HAVING been invited for a post-match meeting with chairman Steve Gibson at the Riverside last Tuesday, Gareth Southgate was expecting a celebratory drink after a return to winning ways and was preparing to ask for a new striker. Instead he got the sack.
That was the final moments of Southgate’s time as Middlesbrough manager. To rub salt into the wounds, he found out the next day that Gordon Strachan had been interviewed to replace him two weeks earlier.
The events of last Tuesday, having led his players to a 2-0 win over Derby County before being sacked in the boardroom as midnight approached, will live with Southgate forever.
“The whole thing was surreal,” said Southgate. “It was normal for me to go to see the chairman in the boardroom after a home game. It was usually a happy experience if we’d won. I didn’t have the slightest inkling I was in trouble. We’d won the game, I’d spoken to the media and had a celebration drink with my staff. After a difficult few weeks, there was a positive mood around the place.

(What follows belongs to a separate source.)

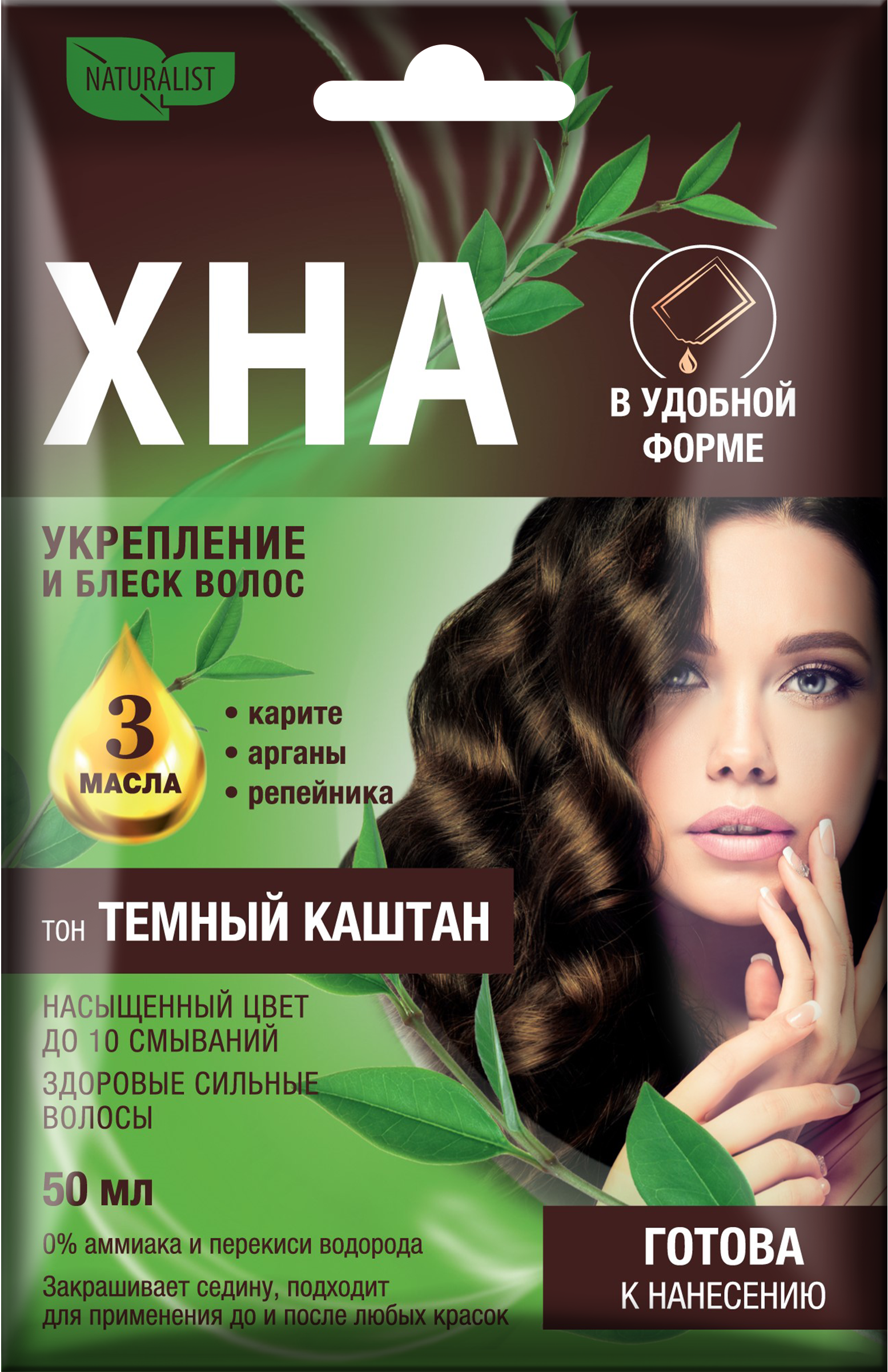 ХНА В УДОБНОЙ ФОРМЕ – современный окрашивающий продукт, дарит волосам сочный красивый оттенок, как хна, и непревзойденный натуральный уход благодаря содержанию ценных натуральных масел и экстракта шёлка. Ваши волосы становятся более плотными, объемными, гладкими и сияющими. Важным достоинством продукта является то, что его можно использовать в перерывах между окрашиваниями стойкой окислительной краской для усиления яркости оттенка и скрытия отрастающих корней.

As I walked up to see Steve, I thought about asking him about signing a striker on loan.”
Southgate soon realised things were not normal in the boardroom and things were about to change.
“After the handshake, Steve always asks me what I want to drink. But this time there was no offer,” said Southgate.
“He said there was something he needed to talk about. Even then, I didn’t get it. He seemed serious but I thought it might be about someone else, not me.
“Then he told me straight that he’d been monitoring the team’s results over the season and that poor results meant I was losing my job. It didn’t sink in, it was so unexpected.
I was too stunned to mount a defence. I regret now that I didn’t say a few things, like the fact we were only one point off the top of the table.
“It wouldn’t have changed his mind but it might have made me feel better. I’ve heard different reasons since then for my sacking – low crowds was one. I understand that Steve might feel a new manager could lift the fans at this stage but the reason I was given was poor results, which is surprising.”
Having returned to his family home in North Yorkshire, he spent the early hours of Wednesday morning writing down a list of the things he had to return to the club later that day.
“At three o’clock in the morning, my wife, Alison, came downstairs wondering where I was. She saw me, pen in hand, and asked, halfjokingly, ‘You haven’t been sacked, have you?’. I don’t think she expected the reply: ‘Actually, I have’. We sat Mia, my daughter, down in the kitchen the next morning and told her what had happened.
She was meant to do a reading in her class assembly that morning, and I am proud she went through with it despite what she was feeling.
“Flynn was easier to deal with. He is too young to understand, which was probably a good thing. He was charging around the playground the next morning, shouting: “My daddy has been sacked” as if he was proud of it!”
Where Southgate was calm in the boardroom, his temper was tested when he arrived at the club’s training ground.
“Keith Lamb (chief executive) was quite open in telling me he had interviewed Gordon Strachan in London for my job more than two weeks earlier, on the night before we beat Reading (on October 3),” said Southgate.
“Apparently, I was going to get the sack then but we’d played so well that Steve decided he couldn’t do it. I found it bizarre that Keith should tell me all that. I didn’t know whether I should applaud him for being so honest or get angry for taking the mickey.
“I was very close to Steve and Keith but on that occasion Keith was lucky that I’m calmer than some managers. They might have taken a swing at him.”
Having worked hard to follow Gibson’s orders in his three-and-a-half-years in charge, Southgate actually felt he was finally growing into the role as manager.
“It ended up in relegation last season and that hurt me badly, and I accept my responsibility for that,” he said. But I am proud of what I’ve done since to put things right. This season it felt like my team on the pitch for the first time and the spirit was excellent. I was confident I could take Middlesbrough back into the Premier League.
“This won’t scar me. I don’t even feel like I need a rest from football. I’ve always been able to handle pressure, it’s not a problem for me. And if a good opportunity comes along on Monday morning, I’ll be ready for it. I’m more motivated than ever. And I guess I will be like any out-ofwork manager now, waiting for some other poor soul to lose their job and seeing if I get the call.”